De modo mínimo, ainda assim indispensável, pode-se dizer que a reflexão está no anarquismo para garantir que não se precise revisitar todas as crenças, nem mesmo

todas as crenças duvidosas de que se tem ciência (de fato, ignoramo-las o tempo todo), ou tampouco para que se possa responsabilizar e/ou culpar, de maneira completa (comparável ao que se faria com o Sr. Spock), um sujeito sobre um determinado resultado de uma crença que ele mesmo considerou como tendo sido uma crença refletida.

Trazemos para nossas crenças atuais e observadas não apenas elementos de que se tem ciência e sobre as quais se supõe possuir clareza no presente (água é H2O e não XYZ), mas também aspectos e itens com variados graus de clareza e de obscuridade que se conectam de algum modo com tal crença.

Claro que quanto mais alguém ignora algo que ele mesmo acredita que deveria incluir e valorizar, tanto mais aumenta sua irresponsabilidade epistêmica (talvez fosse isso que queria dizer Bonjour) e, nesse viés, a responsabilidade torna-se, parcialmente, um aspecto internista (uma vez que nem sempre é possível identificar a falha epistêmica e cognitiva do sujeito), mas, por outro lado, também externalista, pois não pode ignorar o devido peso da efetiva disponibilidade de razões epistêmicas externas ofertadas num contexto e numa circunstância X para poder justificar a crença e a ação intelectual adulta-responsável (ex.: a resposta para a pergunta "está chovendo agora?” poderá, caso alguém queira sair de casa sem guarda-chuva, requerer olhar pela janela, numa casa com janelas e sem outras comunicações, e não fazer isso parece ser algo irresponsável epistemicamente).

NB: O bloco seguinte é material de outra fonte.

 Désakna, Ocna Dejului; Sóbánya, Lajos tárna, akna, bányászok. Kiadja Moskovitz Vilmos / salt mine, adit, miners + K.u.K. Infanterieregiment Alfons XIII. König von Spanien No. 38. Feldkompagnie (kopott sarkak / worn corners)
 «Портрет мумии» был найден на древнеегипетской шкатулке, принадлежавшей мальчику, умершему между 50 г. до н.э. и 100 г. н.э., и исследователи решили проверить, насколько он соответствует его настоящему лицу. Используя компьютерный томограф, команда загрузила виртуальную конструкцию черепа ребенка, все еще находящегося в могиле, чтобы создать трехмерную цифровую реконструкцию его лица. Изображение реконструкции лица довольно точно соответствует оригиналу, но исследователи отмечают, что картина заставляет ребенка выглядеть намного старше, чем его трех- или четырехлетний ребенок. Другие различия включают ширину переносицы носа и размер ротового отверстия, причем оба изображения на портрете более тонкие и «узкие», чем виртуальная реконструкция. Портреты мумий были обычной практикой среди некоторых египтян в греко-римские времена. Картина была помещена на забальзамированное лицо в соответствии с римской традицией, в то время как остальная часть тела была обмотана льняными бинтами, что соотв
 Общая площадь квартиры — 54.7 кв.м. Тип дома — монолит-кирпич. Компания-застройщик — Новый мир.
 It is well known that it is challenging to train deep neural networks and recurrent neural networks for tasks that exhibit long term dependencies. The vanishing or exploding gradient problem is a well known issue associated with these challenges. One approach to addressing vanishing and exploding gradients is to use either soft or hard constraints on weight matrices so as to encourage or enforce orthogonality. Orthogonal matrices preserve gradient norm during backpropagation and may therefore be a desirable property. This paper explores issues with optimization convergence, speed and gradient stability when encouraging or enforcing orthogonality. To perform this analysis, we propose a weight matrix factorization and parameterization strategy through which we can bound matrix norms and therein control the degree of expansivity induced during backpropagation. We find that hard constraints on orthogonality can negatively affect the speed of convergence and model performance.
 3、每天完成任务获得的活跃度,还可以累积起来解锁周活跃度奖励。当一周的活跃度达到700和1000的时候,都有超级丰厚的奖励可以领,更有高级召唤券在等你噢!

Não obstante tudo isso, a exigência da reflexão permanece, pois ela é um meio valioso para que gradualmente os sujeitos se independentizem e sejam responsáveis sobre suas decisões epistêmicas perante si mesmos, a sociedade e o mundo. Dito de outro modo, a reflexão no anarquismo pede a ligação com o crescimento intelectual (aprendizado) e, assim, com a busca pelo EA ainda que o estado atual do sujeito seja um entendimento (understanding) incompleto, limitado e até parcialmente incoerente com outros sistemas de crenças que possuímos.

Essa perspectiva parece se opor a outras que acreditam ser o resultado final (ex.: um bom café feito por uma máquina ruim) suficiente para igualar, mesmo naquele exato momento da saída do café, as duas máquinas (a que tem fama de fazer bons cafés àquela que não o tem porque não faz)!

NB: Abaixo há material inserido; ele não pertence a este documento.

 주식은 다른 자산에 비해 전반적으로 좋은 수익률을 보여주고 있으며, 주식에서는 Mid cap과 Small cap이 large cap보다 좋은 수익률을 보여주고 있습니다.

A mesma coisa, no que diz respeito ao valor da reflexão, ocorre, por exemplo, quando alguém S (cientista) pede para S’ (não-cientista) acreditar em X e/ou fazê-lo (a usina nuclear ao lado de sua casa deve ser desejada), e, então, quando S’ acredita em X e/ou o faz, parece não haver valor no mero resultado materialista, mesmo que tudo tenha saído como desejado por S e por S'.

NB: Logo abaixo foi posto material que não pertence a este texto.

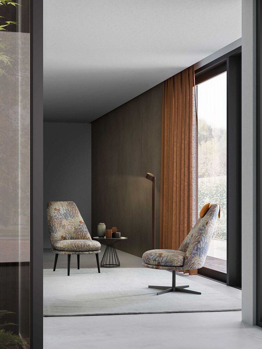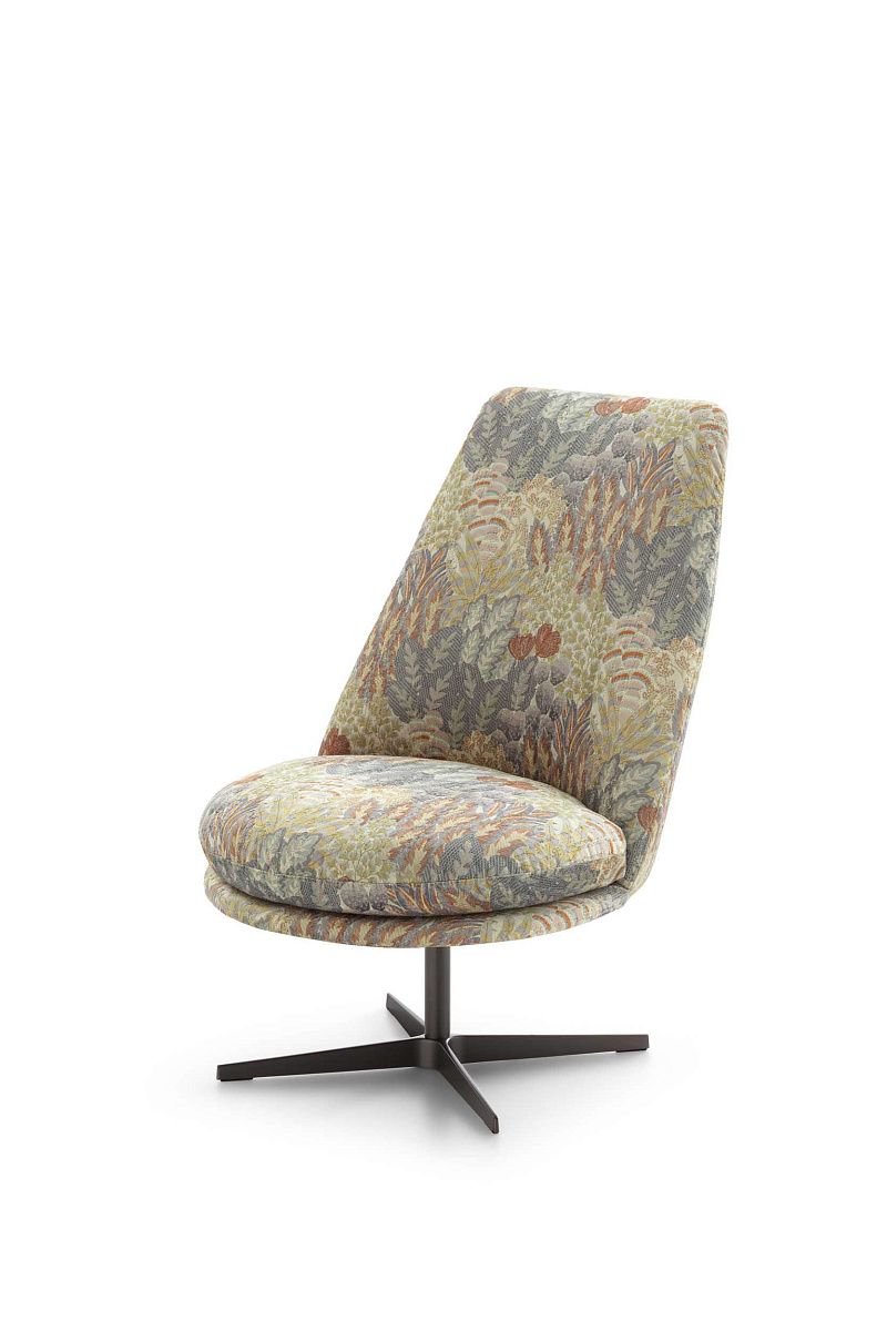 Минималистичное кресло с фиксированным или поворотным основанием, круглым сиденьем и высокой спинкой.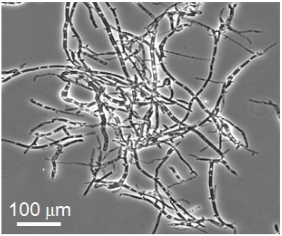The mycelial cells of F. oxysporum (Fusarium oxysporum) observed by an optical microscope.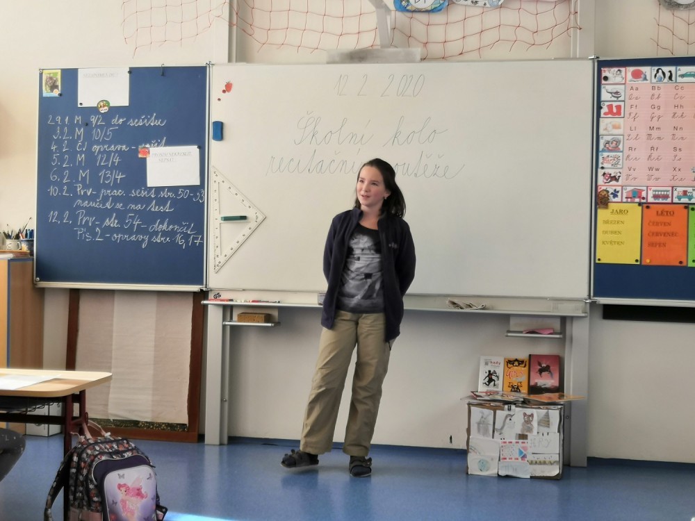 V hodinách českého jazyka často přednášíme básně a při této příležitosti se ukazuje, kdo z nás má k recitaci vlohy a koho poezie baví a nedělá mu potíže. Do recitační soutěže, která se konala na naší škole ve středu 12. února, byly nominovány i žákyně naší třídy Markéta Klangová a Eva Gajdušková. Obě dívky se básně, s jejichž výběrem jim pomohla paní učitelka třídní, poctivě naučily a také ve třídě několikrát zarecitovaly. Jejich námaha byla zúročena, Markéta Klangová se umístila ve velké konkurenci na krásném 2.místě. K jejímu úspěchu ji srdečně gratulujeme. A i když víme, že se nemohou na předních místech umístit všichni, moc si vážíme a děkujeme za účast a odvahu všem ostatním účinkujícím recitátorům.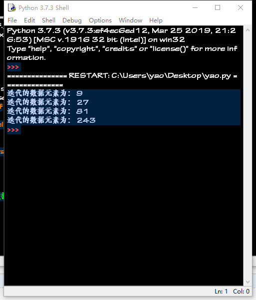 迭代器对象可以使用常规的for语句或while语句进行遍历。例如: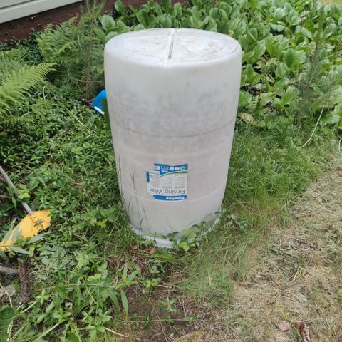 Myydään kuvan ehjä 200L vesitynnyri, ei kantta.
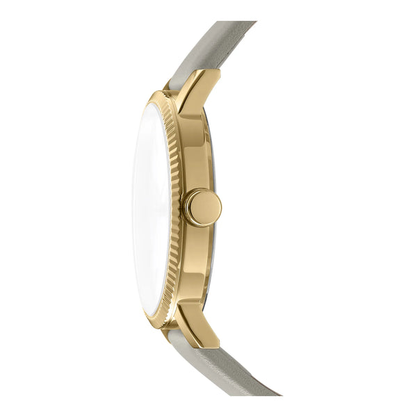 En el bullicioso corazón de la ciudad de Nueva York, donde la moda se encuentra con la función, surge un reloj que encarna el espíritu de la elegancia moderna. El reloj DKNY DK1L034 Soho Maxi es un testimonio de la energía vibrante de la ciudad que nunca duerme. Con su caja redonda chapada en lujoso oro amarillo, este reloj captura la esencia de la sofisticación y el estilo. La caja de 40 mm de diámetro está perfectamente proporcionada para la mujer contemporánea que aprecia tanto la forma como la función. Elaborado con un diseño refinado, ofrece resistencia al agua hasta 50 metros, haciéndolo tan práctico como hermoso. La esfera de cristal mineral protege la carátula, que es una mezcla armoniosa de tonos gris plateado, que evocan el elegante horizonte de Manhattan. La corona de tirar y empujar añade un toque de encanto clásico, mientras que el movimiento de cuarzo asegura precisión en cada tic. La correa de cuero gris plateado, asegurada con una hebilla de ardillón, se ajusta cómodamente alrededor de la muñeca, ofreciendo una combinación perfecta de comodidad y estilo. Este reloj no es solo un guardatiempo, es una pieza de declaración para la mujer a la vanguardia de la moda. El toque de gris plateado en la carátula añade un giro contemporáneo, convirtiéndolo en un accesorio versátil para cualquier atuendo. Ya sea que estés navegando por la jungla urbana o asistiendo a una elegante soirée, este reloj DKNY es tu compañero perfecto, reflejando el mundo dinámico y en constante evolución de la moda.

Em resumo, a reflexão possui, na economia da epistemologia anarquista, um valor em si não porque ele garanta a verdade (poderia levar também à falsidade), a coisa em si, etc., mas porque alimenta a busca pela adultez (para se usar um termo mais anarquista), na medida em que responsabiliza epistemicamente os indivíduos perante o outro, bem como perante si mesmo e o mundo, além de também alimentar a busca pela “melhor resposta” do “melhor mundo possível” nas circunstâncias, no tempo e no contexto específicos.